- Occupation: Professor
- Known for: Opioid abuse and treatment research
- Title: Willma and Albert Musher Professor of Social Work and University Professor at Columbia University

Academic background
- Alma mater: Tel Aviv University, Hebrew University, Columbia University School of Social Work

Academic work
- Discipline: Social Work
- Sub-discipline: opioid abuse, disorders and treatment
- Institutions: Columbia University School of Social Work
- Main interests: The interactions between substance abuse and marginalized communities.

= Nabila El-Bassel =

American academic

Nabila El-Bassel is an American scholar who is notable for her research into the interaction between substance abuse and marginalized communities.
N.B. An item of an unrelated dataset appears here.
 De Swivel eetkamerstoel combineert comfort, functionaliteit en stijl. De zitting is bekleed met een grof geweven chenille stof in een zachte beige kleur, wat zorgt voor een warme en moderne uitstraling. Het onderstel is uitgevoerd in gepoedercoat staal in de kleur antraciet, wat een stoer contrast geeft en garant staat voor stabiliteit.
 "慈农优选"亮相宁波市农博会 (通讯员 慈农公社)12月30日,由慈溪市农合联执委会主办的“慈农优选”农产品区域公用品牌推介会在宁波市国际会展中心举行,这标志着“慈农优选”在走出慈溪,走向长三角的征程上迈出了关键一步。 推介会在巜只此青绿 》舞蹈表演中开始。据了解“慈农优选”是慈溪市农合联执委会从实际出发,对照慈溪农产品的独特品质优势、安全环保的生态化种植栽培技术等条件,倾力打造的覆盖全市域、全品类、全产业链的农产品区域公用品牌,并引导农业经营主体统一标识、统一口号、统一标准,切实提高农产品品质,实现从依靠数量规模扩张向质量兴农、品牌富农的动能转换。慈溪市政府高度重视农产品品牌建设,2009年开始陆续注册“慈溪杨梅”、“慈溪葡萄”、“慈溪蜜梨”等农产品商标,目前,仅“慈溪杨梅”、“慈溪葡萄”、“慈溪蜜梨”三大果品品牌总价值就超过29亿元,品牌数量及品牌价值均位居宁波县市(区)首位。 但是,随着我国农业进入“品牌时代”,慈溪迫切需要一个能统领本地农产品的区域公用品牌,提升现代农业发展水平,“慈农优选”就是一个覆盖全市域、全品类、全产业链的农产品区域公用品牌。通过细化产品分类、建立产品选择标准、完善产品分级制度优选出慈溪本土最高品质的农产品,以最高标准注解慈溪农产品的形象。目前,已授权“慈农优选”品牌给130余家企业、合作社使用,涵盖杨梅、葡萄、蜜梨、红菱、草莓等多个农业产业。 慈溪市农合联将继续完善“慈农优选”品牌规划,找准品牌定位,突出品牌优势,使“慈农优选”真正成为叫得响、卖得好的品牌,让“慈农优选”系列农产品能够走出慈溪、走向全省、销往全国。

She is the Willma and Albert Musher Professor of Social Work and a university professor at Columbia University and director of the Social Intervention Group, which she co-founded in 1990.

== Career ==
El-Bassel earned her Bachelor's of Social Work at Tel Aviv University, her Masters of Social Work at the School of Social Work and Social Welfare at the Hebrew University in Jerusalem, and her PhD at the Columbia University School of Social Work. Her position as 'University professor' is a substantial honor by the university, since only eight professors may hold this position in the university at only one time, and it is awarded by the school's Board of Trustees. Her research has focused on the prevention of HIV and AIDS, as well as violence against marginalized communities and substance abuse. In 2019, she led an $86 million program to reduce opioid deaths by improving education about their dangers, expanding medical treatment in detention centers and homeless shelters and training medical practitioners to better understand the disorder.